* **Recorded data**:
====

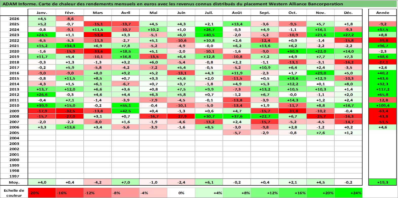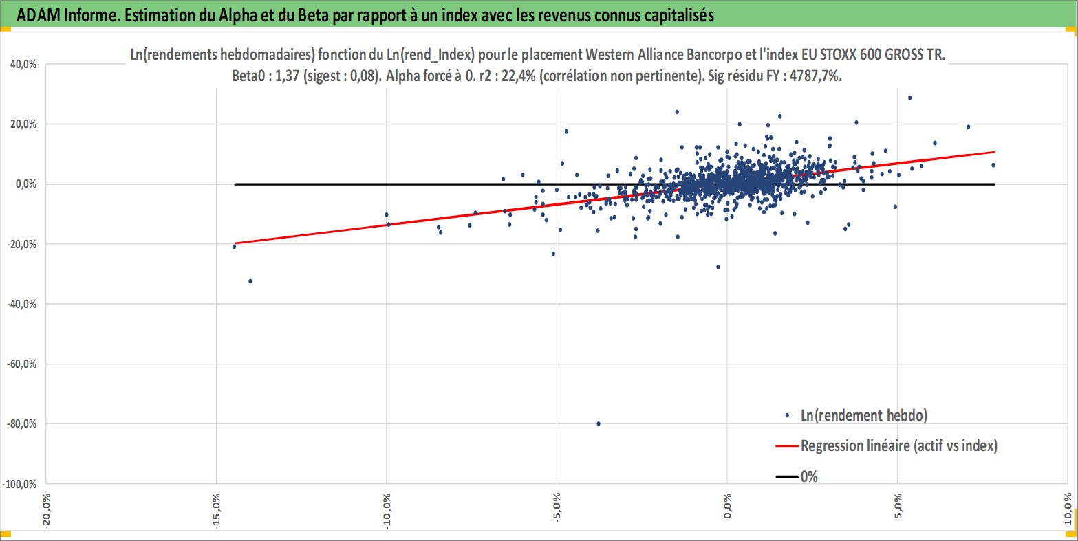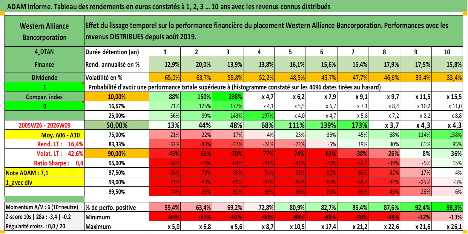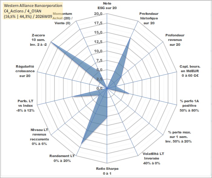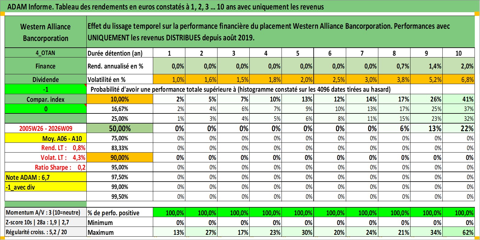 Site dédié aux investisseursPage dédiée sur site financeAnalyse des valorisations hebdomadaires de l'action Western Alliance Bancorporation. Cet actif est cote en USD. Les valorisations sont en contrevaleur EURO et couvrent les semaines 2005W26 a 2026W09. Les revenus de cet actif financier sont pris en compte depuis la semaine 2019W33. La note ESG de cet actif n'est pas connue.
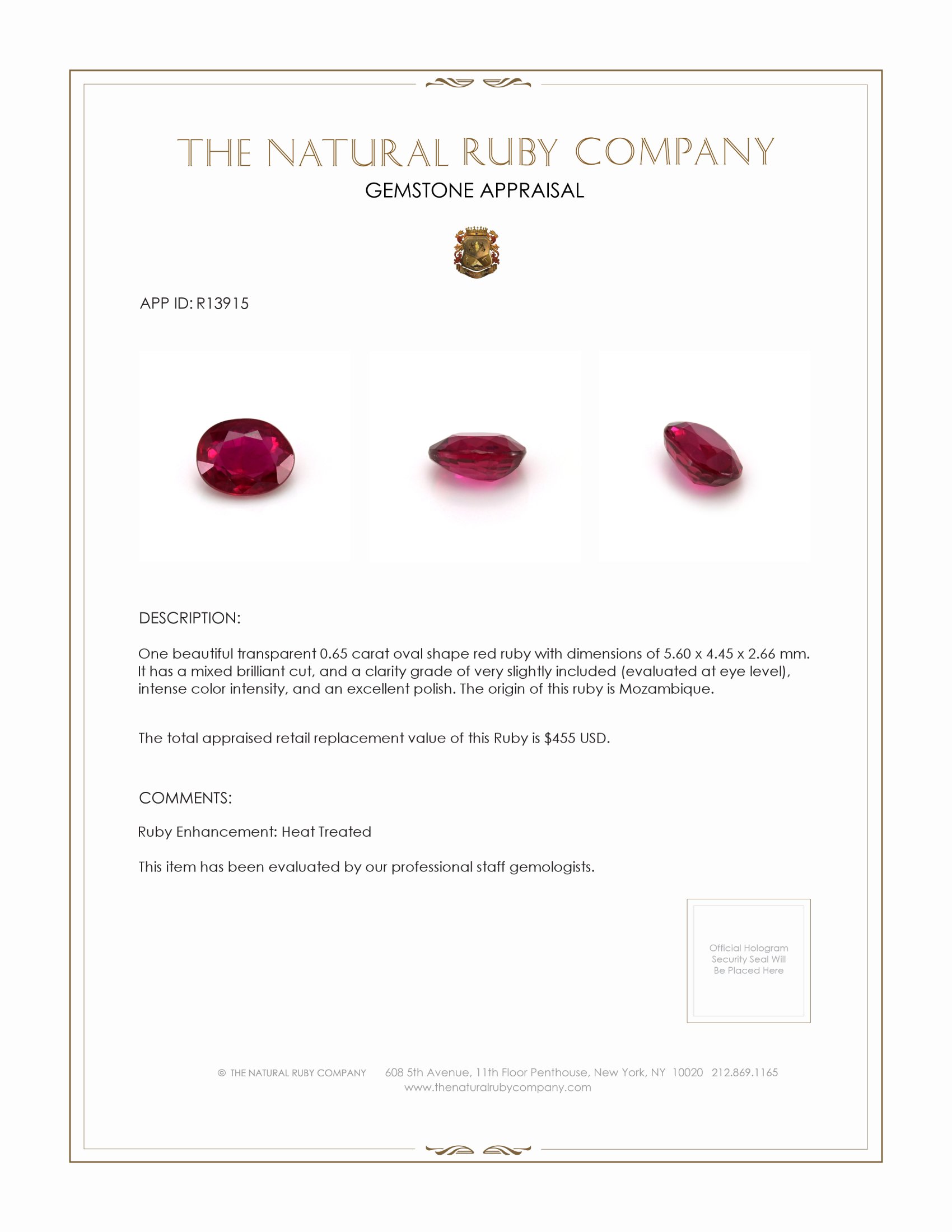In a world where gemstones are increasingly crafted in laboratories, the allure of naturally formed stones remains unrivaled, untouched by human hands until they meet the skilled craftsmen who will showcase their inherent beauty. Our exquisite transparent 0.65 carat oval-shaped red ruby is a testament to the splendor of these natural masterpieces. With dimensions of 5.60 x 4.45 x 2.66 mm, this ruby is a perfect balance between elegance and understated opulence.
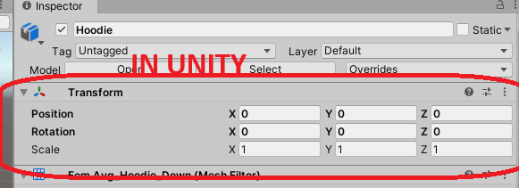 3.Import hoodie into Unity, drag and drop into Hierarchy panel and you should see this :

====

* **Task goal**:
The lines from the one that contains "In a world where" through the end of the data, repeated exactly and with no pictures, make up the whole answer.

* **Answer to this problem**:
In a world where gemstones are increasingly crafted in laboratories, the allure of naturally formed stones remains unrivaled, untouched by human hands until they meet the skilled craftsmen who will showcase their inherent beauty. Our exquisite transparent 0.65 carat oval-shaped red ruby is a testament to the splendor of these natural masterpieces. With dimensions of 5.60 x 4.45 x 2.66 mm, this ruby is a perfect balance between elegance and understated opulence.
 3.Import hoodie into Unity, drag and drop into Hierarchy panel and you should see this :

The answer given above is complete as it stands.